За окном в темноте мягко плывут снежинки, снегопад такой тихий, точно и ветер, и вечер, и сама зима решили не тревожить меня сегодня. Я бы посмотрел немного на танец снежинок, но и он способен повести за собой, а желание остаться дома этой ночью пересиливает.
Ни разумом, ни чувствами, ни телом не хочу я покидать уют тёмной комнаты. Надёжно скрыта она от миров, раньше пробиравшихся в коридоры дома, паривших в комнатах, стучавшихся в окна. И я надёжно укрыт от всего и ото всех.
Даже Таро тихи, почти молчат. Куда только подевался былой задор, тот бал, где мы так упоённо танцевали… Сейчас они словно не входят, не ведут диалога, и я выкладываю карту за картой бездумно, рассматривая только красоту рисовки, но не ожидая услышать голос.
Пришёл бы сон, но я знаю, что его не будет долго. Да и… не всякому сновидению я был бы сегодня рад. Ведь сон – тоже путешествие, тоже путь, слишком легко уйти, даже не заметив того. Так что пусть пока стоит на границе сознания, а я буду рассматривать карты, чей серебряный обрез легонько искрится – свет свечи ловится гранью.

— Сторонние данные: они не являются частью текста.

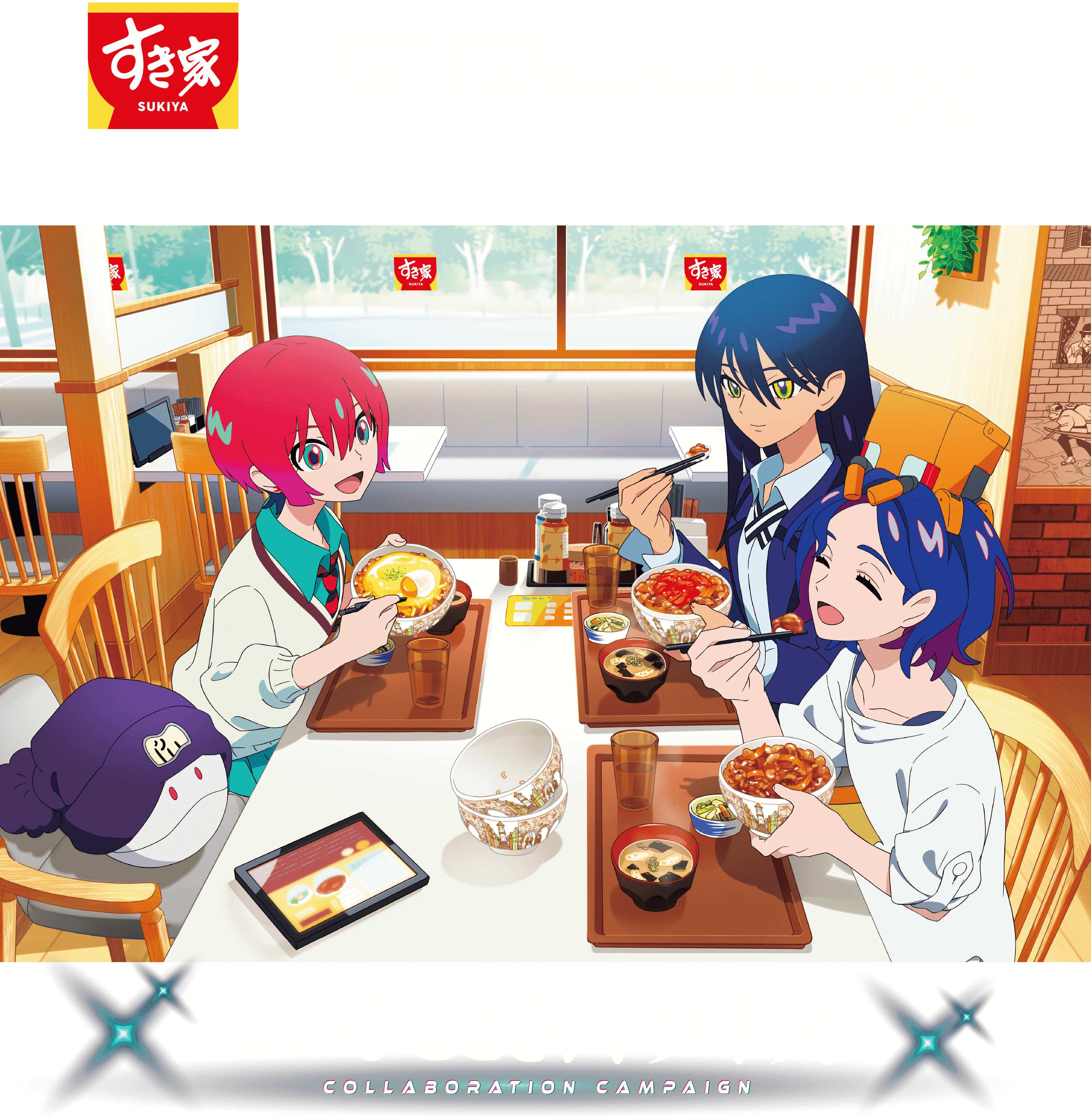 1boy 2girls absurdres amate_yuzuriha aqua_eyes beanie blue_hair bowl chair chopsticks closed_eyes collared_shirt colored_inner_hair conch_(gundam) cup food gundam gundam_gquuuuuux gyuudon haro hat highres holding holding_chopsticks indoors jacket long_hair long_sleeves multicolored_hair multiple_girls necktie non-humanoid_robot nyaan_(gundam_gquuuuuux) official_art on_chair open_mouth pom_pom_(clothes) pom_pom_beanie promotional_art purple_hair red_hair restaurant robot school_uniform shirt short_hair shuji_ito sitting skirt smile sukiya sweater table two-tone_hair yellow_eyes

Нелегко путешественнику избежать самого себя. Стоит задуматься, и ты уже держишь путь в неизвестные дали, стоит обратить на что-то пристальное внимание – и вот уже раскрывается новая дверь. Как сдержаться, не убежать, не пересечь рубеж, отделяющий один мир от другого, когда это и есть твоя суть?
Покой и тишина не надоедают мне, но всё больше и больше замечаю я теней, дрожащих бликов, туманного морока, что бывают только на границах миров. Будто бы сегодня они решили пройти через мой дом, через мою жизнь, через меня.
И когда я закрываю глаза, вокруг нарастает шорох и шум. Будто шелестят книги страницами, словно хлопают шторы, точно трещит огонь свечи.
Стоит осмотреться, и становится ясно, что случилось – миры сдвинулись, теперь этот дом вовсе не мой. Я и не узнаю его, всё стало иначе, нет даже свечи, только фонарь стоит с открытой дверцей, а в окна льётся солнце. За стеклом не снегопад, а привольность света и тепла.
– Так-так, – говорю я. – Это что же получается, как отсюда выйти и кто сюда привёл?
Это не было усилием моей собственной воли, значит, кто-то втащил меня в иную реальность силой. Но кто он, зачем сделал это?
У моих ног лежит карта из колоды, одна-единственная, двойка кубков. Забавный намёк, точно кто-то приглашает меня на свидание. Но мне ничего не остаётся, приходится согласиться и сделать шаг этому миру навстречу.
За дверью не коридор, там открывается сад. Я прохожу по тропинке совсем недалеко и натыкаюсь на ещё одну карту. Быть может, она поможет понять, кто же втащил меня сюда? Но это восьмёрка жезлов, и мне пока не совсем понятен смысл. Положив эту карту к первой, я медленно иду, сознавая, что этот сад на самом деле майский, переполненный теплом, ароматами цветов, яркий и лёгкий.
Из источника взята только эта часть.